4 Dynamic Programming
Consider the following problem based on the transformation of a sequence (or collection) of coloured disks.
Assume that you have a very large collection of disks, each with an integer value representing the disk colour from the range [0, c]. For example, the colour mapping might be:
0-red, 1-yellow, 2-blue, 3-pink, . . ., c-black.
For a given sequence of coloured disks e.g., ( 0,1,2,3,4 ), at each time step (or iteration) you are
only allowed to perform one of three basic operations:
• remove one disk from the sequence – the disk you select can be any of the disks
eg., ( 0,1,2,3,4 ) → ( 0,1,3,4 )
• insert one disk at any position in the sequence – the disk you select to insert can be any colour
in the range [0, c]
e.g., ( 0,1,2,3,4 ) → ( 0,1,9,2,3,4 )
• replace any single coloured disk in the sequence with a different coloured disk – the replacement disk can be any colour in the range [0, c]
e.g., ( 0,1,2,3,4 ) → ( 0,1,2,3,9 )
Note: after multiple operations (or iterations), the length of sequence of disks may be different to the length of the starting sequence. We suggest that you represent each sequence of disks as an array.
(a) [6 marks] Write a dynamic programming implementation for the function: Transform(A[0..n − 1], B[0..m − 1])
to calculate the minimum number of operations required to transform one given sequence of disks A[0..n − 1] into another B[0..m − 1]. For example, A[0, 1, 2, 3, 4] → B[0, 1, 3, 5] requires at least two operations – remove 2; replace 4 by 5.
Your function must be written in clear, unambiguous pseudo code.
(Hint: consider approximate string search)
(b) [2 marks] What is the time complexity of your algorithm? Justify your answer.

Submission and evaluation
• You must submit a PDF document via the LMS. Note: handwritten, scanned images, and/or Microsoft Word submissions are not acceptable — if you use Word, create a PDF version for submission.

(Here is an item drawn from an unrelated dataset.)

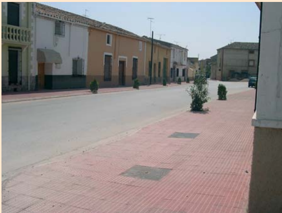
C/ Real y Plaza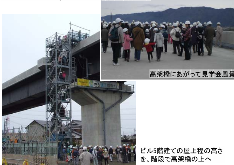
高架橋にあがって見学会風景

• Marks are primarily allocated for correctness, but elegance of algorithms and how clearly you communicate your thinking will also be taken into account. Where indicated, the complexity of algorithms also matters.
• Please write any pseudo code following the format suggested in the examples provided in the sample lecture slides and/or the textbook. Take care with indentation, loops, if statements, initialisation of variables and return statements. Cormen et al. (available as an e-book in the library) provide some guidelines for pseudo code (pages 20–22).

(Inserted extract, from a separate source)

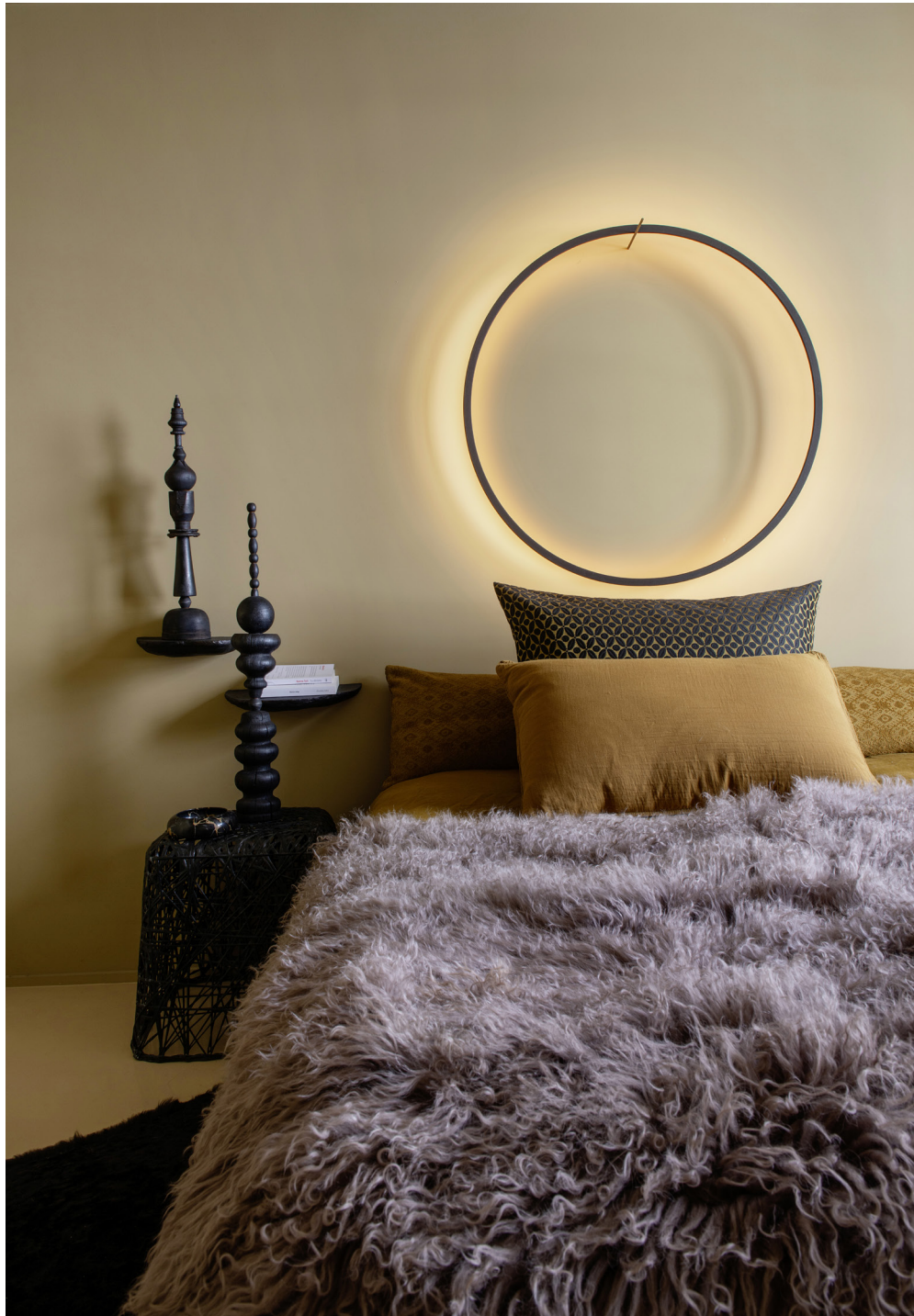
À GAUCHE Halo de lumière dans la chambre avec l'applique « Eclipse », Tilen Sepic. Linge de lit, La Redoute Intérieurs. Dessus-de-lit, Zoeppritz. Étagères, H&M Home. Totems en bois brûlé, Victor Totems. Table de chevet chinée. Murs et plafond peints dans le coloris « Milano », Argile.

AU CENTRE Coin lecture cocooning dans la chambre de Laurence, avec une chaise et un tabouret, H&M Home. Lampadaire « Sofisticato », Serax. Au mur, des compositions florales, LM Les Fleurs. Posé au sol, miroir rond, AYTM. Sur le lit, couverture, Society Limonta. Tapis en soie, Ornate. Murs et plafond peints dans le coloris « Bois Bouchon », Argile.

• Make sure that you have enough time towards the end of the assignment to present your solutions carefully. Time you put in early will usually turn out to be more productive than a last-minute effort.
• You are reminded that your submission for this assignment is to be your own individual work. For many students, discussions with friends will form a natural part of the undertaking of the assignment work. However, it is still an individual task. You should not share your answers (even draft solutions) with other students. Do not post solutions (or even partial solutions) on social media. It is University policy that cheating by students in any form is not permitted, and that work submitted for assessment purposes must be the independent work of the student concerned.

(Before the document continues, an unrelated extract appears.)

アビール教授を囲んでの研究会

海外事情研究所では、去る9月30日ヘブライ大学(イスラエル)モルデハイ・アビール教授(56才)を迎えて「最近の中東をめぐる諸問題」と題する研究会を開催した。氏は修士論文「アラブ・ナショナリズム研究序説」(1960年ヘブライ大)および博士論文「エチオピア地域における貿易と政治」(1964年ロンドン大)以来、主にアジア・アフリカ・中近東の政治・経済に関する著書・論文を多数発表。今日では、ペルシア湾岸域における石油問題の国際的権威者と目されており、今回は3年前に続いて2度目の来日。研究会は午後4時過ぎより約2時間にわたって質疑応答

Please see https://academicintegrity.unimelb.edu.au
If you have any questions, you are welcome to post them on the LMS discussion board. You can also email the Head Tutor, Lianglu Pan or the Lecturer, Michael Kirley . In your message, make sure you include COMP90038 in the subject header. In the body of your message, include a precise description of the problem.
Late submission will be possible, but a late submission penalty will apply: a flagfall of 4 marks, and then 2 mark per 12 hours late.
Extensions will only be awarded in extreme/emergency cases, assuming appropriate documentation is provided – simply submitting a medical certificate on the due date will not result in an extension.